TASK INSTRUCTIONS: Exactly as written, return the entries below, minus any pictures.

[Opening SOURCE MATERIAL section]

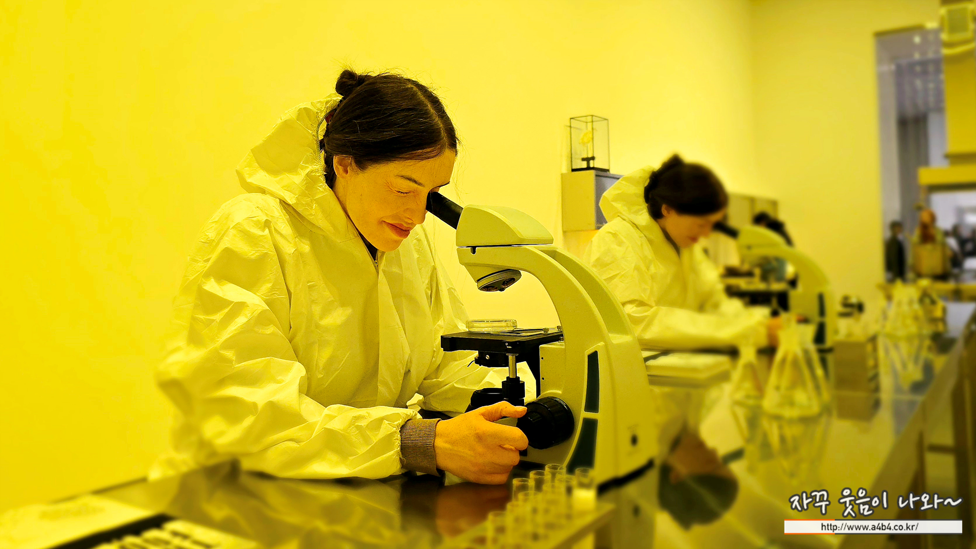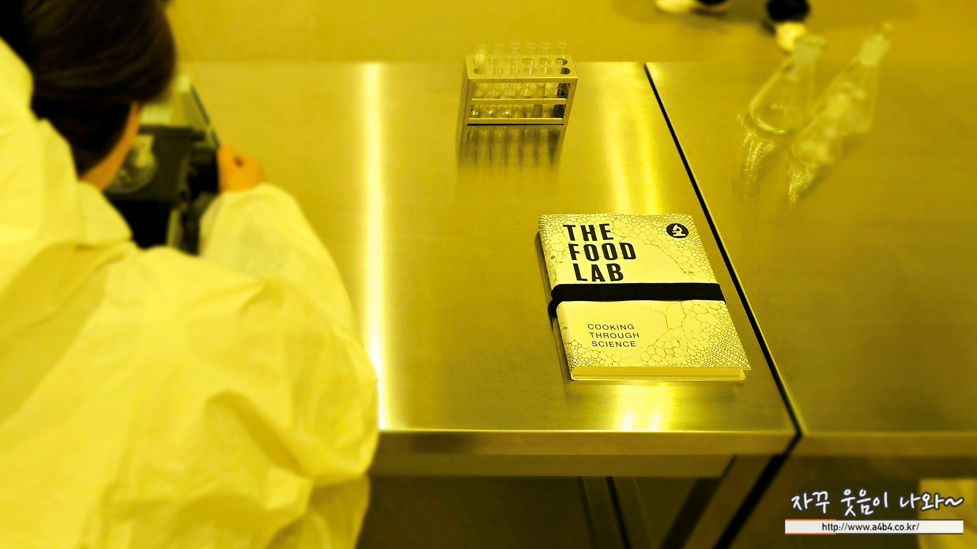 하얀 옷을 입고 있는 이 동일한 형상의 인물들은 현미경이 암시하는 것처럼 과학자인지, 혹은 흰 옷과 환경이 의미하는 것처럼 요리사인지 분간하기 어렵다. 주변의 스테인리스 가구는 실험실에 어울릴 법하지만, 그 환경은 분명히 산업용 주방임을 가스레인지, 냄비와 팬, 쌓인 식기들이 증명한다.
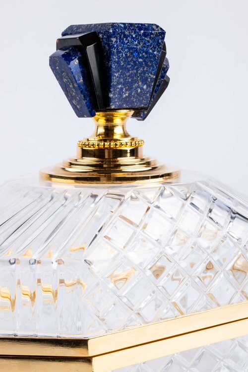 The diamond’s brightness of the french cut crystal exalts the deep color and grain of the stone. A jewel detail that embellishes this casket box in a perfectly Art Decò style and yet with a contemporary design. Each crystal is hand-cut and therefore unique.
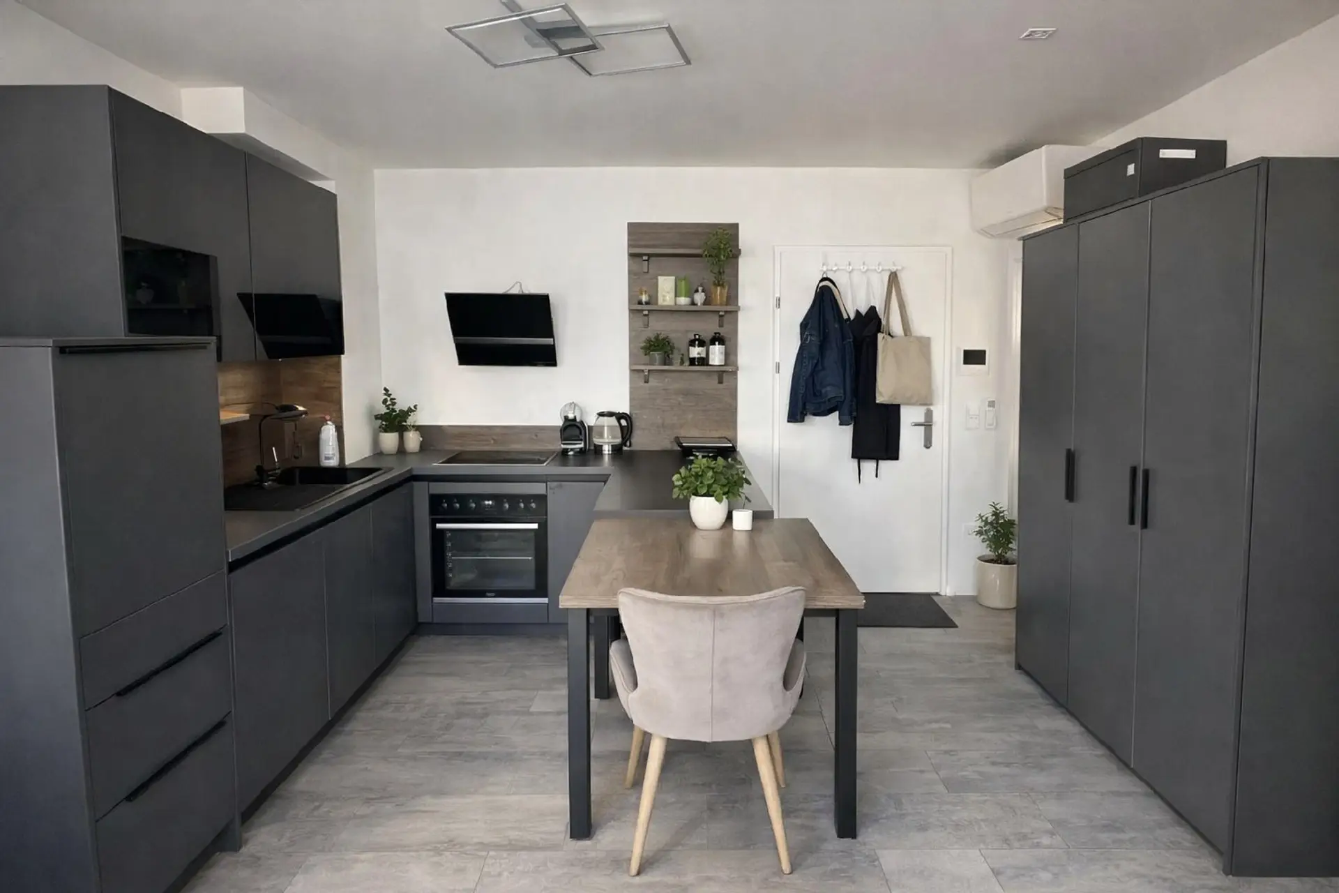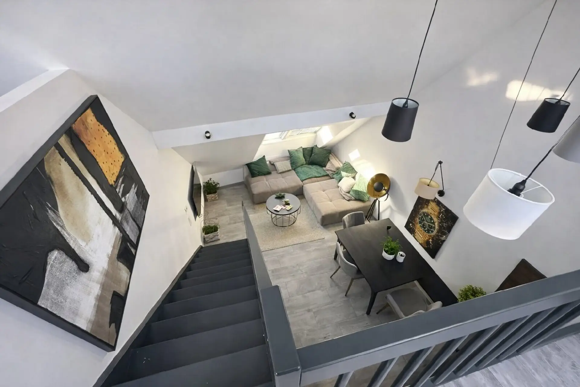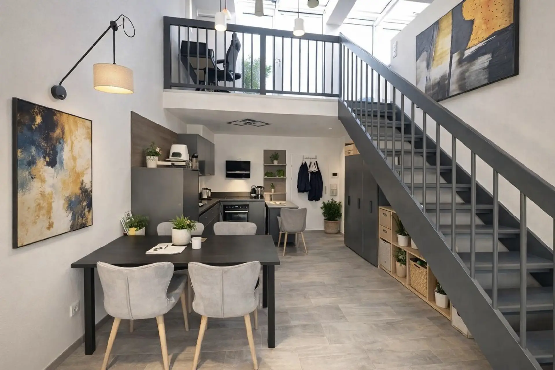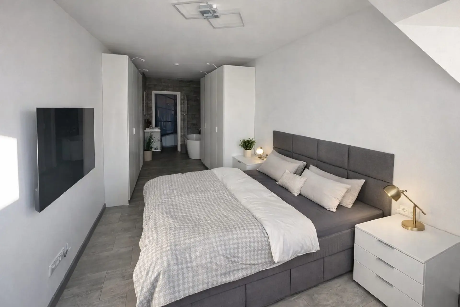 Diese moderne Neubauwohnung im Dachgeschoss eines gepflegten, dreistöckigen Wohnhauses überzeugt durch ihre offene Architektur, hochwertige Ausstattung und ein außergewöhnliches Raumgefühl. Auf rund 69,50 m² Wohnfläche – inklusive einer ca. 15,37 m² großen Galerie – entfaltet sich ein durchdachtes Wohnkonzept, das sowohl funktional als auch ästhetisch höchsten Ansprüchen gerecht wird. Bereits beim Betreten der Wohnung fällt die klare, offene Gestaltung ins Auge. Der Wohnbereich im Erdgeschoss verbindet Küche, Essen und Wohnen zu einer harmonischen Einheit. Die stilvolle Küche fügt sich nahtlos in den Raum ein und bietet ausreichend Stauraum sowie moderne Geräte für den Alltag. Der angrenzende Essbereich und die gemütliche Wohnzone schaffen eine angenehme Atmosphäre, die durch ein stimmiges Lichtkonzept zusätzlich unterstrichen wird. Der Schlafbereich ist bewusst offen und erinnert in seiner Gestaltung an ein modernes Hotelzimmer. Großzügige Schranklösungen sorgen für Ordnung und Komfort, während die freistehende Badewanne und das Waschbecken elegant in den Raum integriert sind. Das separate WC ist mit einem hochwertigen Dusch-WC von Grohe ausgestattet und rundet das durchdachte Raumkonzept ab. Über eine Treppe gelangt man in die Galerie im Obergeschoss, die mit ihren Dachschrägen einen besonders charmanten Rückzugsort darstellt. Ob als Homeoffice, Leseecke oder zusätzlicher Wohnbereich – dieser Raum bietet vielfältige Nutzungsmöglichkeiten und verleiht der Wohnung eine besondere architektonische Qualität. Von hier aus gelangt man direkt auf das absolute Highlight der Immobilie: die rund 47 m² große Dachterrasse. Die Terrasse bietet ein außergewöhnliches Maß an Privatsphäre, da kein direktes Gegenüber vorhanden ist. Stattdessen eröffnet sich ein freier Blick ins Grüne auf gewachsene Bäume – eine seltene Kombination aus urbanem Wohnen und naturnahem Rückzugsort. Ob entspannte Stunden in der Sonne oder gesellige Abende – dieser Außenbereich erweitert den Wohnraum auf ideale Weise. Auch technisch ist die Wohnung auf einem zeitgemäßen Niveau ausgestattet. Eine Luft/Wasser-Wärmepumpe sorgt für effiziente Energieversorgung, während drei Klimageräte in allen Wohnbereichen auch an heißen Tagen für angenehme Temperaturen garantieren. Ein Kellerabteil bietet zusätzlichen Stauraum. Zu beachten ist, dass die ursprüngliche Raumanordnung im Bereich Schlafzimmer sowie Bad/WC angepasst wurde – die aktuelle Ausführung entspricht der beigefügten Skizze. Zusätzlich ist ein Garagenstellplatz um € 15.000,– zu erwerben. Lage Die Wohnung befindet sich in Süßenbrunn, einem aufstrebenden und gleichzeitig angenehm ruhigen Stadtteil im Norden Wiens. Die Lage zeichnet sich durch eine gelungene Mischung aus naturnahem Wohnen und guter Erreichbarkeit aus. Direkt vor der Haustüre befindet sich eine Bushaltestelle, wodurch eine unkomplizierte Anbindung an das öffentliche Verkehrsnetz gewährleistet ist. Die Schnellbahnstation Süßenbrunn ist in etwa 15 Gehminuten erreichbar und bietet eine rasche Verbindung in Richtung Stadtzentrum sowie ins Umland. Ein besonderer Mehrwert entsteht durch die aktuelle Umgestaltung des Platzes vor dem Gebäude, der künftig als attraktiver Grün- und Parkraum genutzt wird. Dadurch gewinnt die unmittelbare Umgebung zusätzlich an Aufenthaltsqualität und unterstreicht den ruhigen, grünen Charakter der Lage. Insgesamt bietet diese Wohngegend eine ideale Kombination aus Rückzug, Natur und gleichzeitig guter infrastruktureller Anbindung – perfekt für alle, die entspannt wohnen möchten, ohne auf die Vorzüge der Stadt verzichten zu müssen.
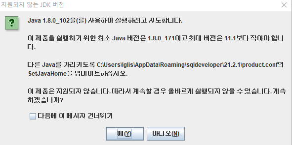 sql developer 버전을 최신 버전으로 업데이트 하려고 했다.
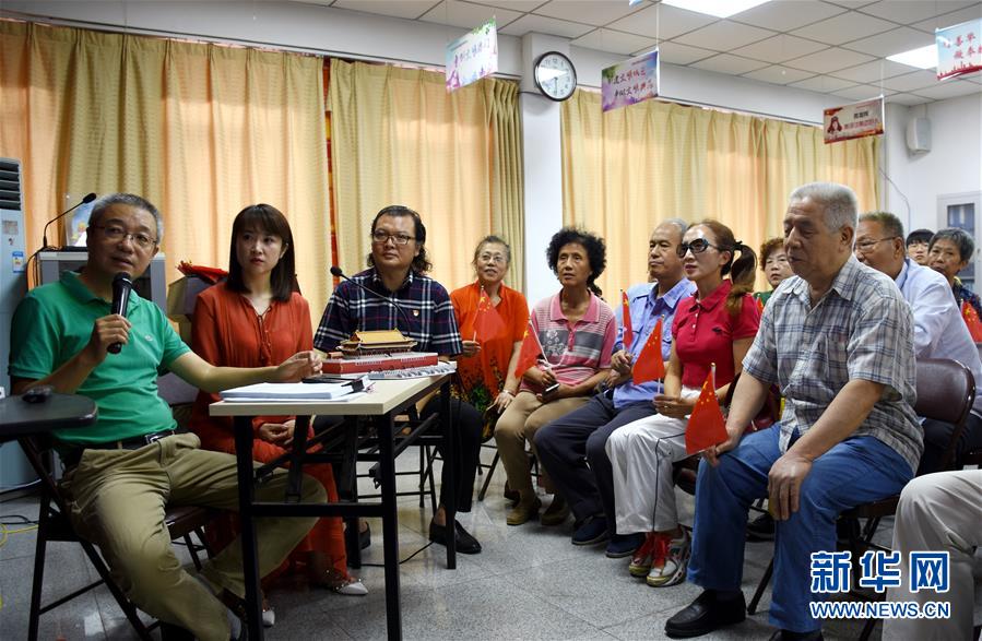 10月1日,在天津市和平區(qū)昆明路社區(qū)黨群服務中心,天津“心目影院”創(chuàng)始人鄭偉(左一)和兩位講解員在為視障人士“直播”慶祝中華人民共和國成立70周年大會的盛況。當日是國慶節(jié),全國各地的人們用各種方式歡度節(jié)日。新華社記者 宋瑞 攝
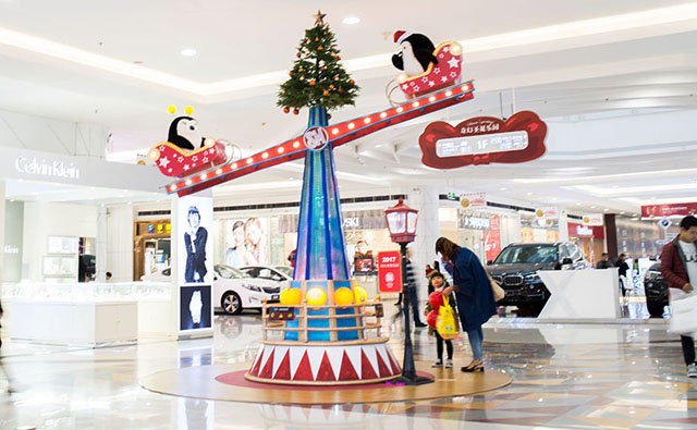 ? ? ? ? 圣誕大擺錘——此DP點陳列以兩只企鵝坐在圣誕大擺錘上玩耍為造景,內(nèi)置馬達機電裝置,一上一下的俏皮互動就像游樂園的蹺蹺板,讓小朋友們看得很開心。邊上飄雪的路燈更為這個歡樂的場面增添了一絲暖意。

[Closing SOURCE MATERIAL section]

TASK ANSWER:
 하얀 옷을 입고 있는 이 동일한 형상의 인물들은 현미경이 암시하는 것처럼 과학자인지, 혹은 흰 옷과 환경이 의미하는 것처럼 요리사인지 분간하기 어렵다. 주변의 스테인리스 가구는 실험실에 어울릴 법하지만, 그 환경은 분명히 산업용 주방임을 가스레인지, 냄비와 팬, 쌓인 식기들이 증명한다.
 The diamond’s brightness of the french cut crystal exalts the deep color and grain of the stone. A jewel detail that embellishes this casket box in a perfectly Art Decò style and yet with a contemporary design. Each crystal is hand-cut and therefore unique.
 Diese moderne Neubauwohnung im Dachgeschoss eines gepflegten, dreistöckigen Wohnhauses überzeugt durch ihre offene Architektur, hochwertige Ausstattung und ein außergewöhnliches Raumgefühl. Auf rund 69,50 m² Wohnfläche – inklusive einer ca. 15,37 m² großen Galerie – entfaltet sich ein durchdachtes Wohnkonzept, das sowohl funktional als auch ästhetisch höchsten Ansprüchen gerecht wird. Bereits beim Betreten der Wohnung fällt die klare, offene Gestaltung ins Auge. Der Wohnbereich im Erdgeschoss verbindet Küche, Essen und Wohnen zu einer harmonischen Einheit. Die stilvolle Küche fügt sich nahtlos in den Raum ein und bietet ausreichend Stauraum sowie moderne Geräte für den Alltag. Der angrenzende Essbereich und die gemütliche Wohnzone schaffen eine angenehme Atmosphäre, die durch ein stimmiges Lichtkonzept zusätzlich unterstrichen wird. Der Schlafbereich ist bewusst offen und erinnert in seiner Gestaltung an ein modernes Hotelzimmer. Großzügige Schranklösungen sorgen für Ordnung und Komfort, während die freistehende Badewanne und das Waschbecken elegant in den Raum integriert sind. Das separate WC ist mit einem hochwertigen Dusch-WC von Grohe ausgestattet und rundet das durchdachte Raumkonzept ab. Über eine Treppe gelangt man in die Galerie im Obergeschoss, die mit ihren Dachschrägen einen besonders charmanten Rückzugsort darstellt. Ob als Homeoffice, Leseecke oder zusätzlicher Wohnbereich – dieser Raum bietet vielfältige Nutzungsmöglichkeiten und verleiht der Wohnung eine besondere architektonische Qualität. Von hier aus gelangt man direkt auf das absolute Highlight der Immobilie: die rund 47 m² große Dachterrasse. Die Terrasse bietet ein außergewöhnliches Maß an Privatsphäre, da kein direktes Gegenüber vorhanden ist. Stattdessen eröffnet sich ein freier Blick ins Grüne auf gewachsene Bäume – eine seltene Kombination aus urbanem Wohnen und naturnahem Rückzugsort. Ob entspannte Stunden in der Sonne oder gesellige Abende – dieser Außenbereich erweitert den Wohnraum auf ideale Weise. Auch technisch ist die Wohnung auf einem zeitgemäßen Niveau ausgestattet. Eine Luft/Wasser-Wärmepumpe sorgt für effiziente Energieversorgung, während drei Klimageräte in allen Wohnbereichen auch an heißen Tagen für angenehme Temperaturen garantieren. Ein Kellerabteil bietet zusätzlichen Stauraum. Zu beachten ist, dass die ursprüngliche Raumanordnung im Bereich Schlafzimmer sowie Bad/WC angepasst wurde – die aktuelle Ausführung entspricht der beigefügten Skizze. Zusätzlich ist ein Garagenstellplatz um € 15.000,– zu erwerben. Lage Die Wohnung befindet sich in Süßenbrunn, einem aufstrebenden und gleichzeitig angenehm ruhigen Stadtteil im Norden Wiens. Die Lage zeichnet sich durch eine gelungene Mischung aus naturnahem Wohnen und guter Erreichbarkeit aus. Direkt vor der Haustüre befindet sich eine Bushaltestelle, wodurch eine unkomplizierte Anbindung an das öffentliche Verkehrsnetz gewährleistet ist. Die Schnellbahnstation Süßenbrunn ist in etwa 15 Gehminuten erreichbar und bietet eine rasche Verbindung in Richtung Stadtzentrum sowie ins Umland. Ein besonderer Mehrwert entsteht durch die aktuelle Umgestaltung des Platzes vor dem Gebäude, der künftig als attraktiver Grün- und Parkraum genutzt wird. Dadurch gewinnt die unmittelbare Umgebung zusätzlich an Aufenthaltsqualität und unterstreicht den ruhigen, grünen Charakter der Lage. Insgesamt bietet diese Wohngegend eine ideale Kombination aus Rückzug, Natur und gleichzeitig guter infrastruktureller Anbindung – perfekt für alle, die entspannt wohnen möchten, ohne auf die Vorzüge der Stadt verzichten zu müssen.
 sql developer 버전을 최신 버전으로 업데이트 하려고 했다.
 10月1日,在天津市和平區(qū)昆明路社區(qū)黨群服務中心,天津“心目影院”創(chuàng)始人鄭偉(左一)和兩位講解員在為視障人士“直播”慶祝中華人民共和國成立70周年大會的盛況。當日是國慶節(jié),全國各地的人們用各種方式歡度節(jié)日。新華社記者 宋瑞 攝
 ? ? ? ? 圣誕大擺錘——此DP點陳列以兩只企鵝坐在圣誕大擺錘上玩耍為造景,內(nèi)置馬達機電裝置,一上一下的俏皮互動就像游樂園的蹺蹺板,讓小朋友們看得很開心。邊上飄雪的路燈更為這個歡樂的場面增添了一絲暖意。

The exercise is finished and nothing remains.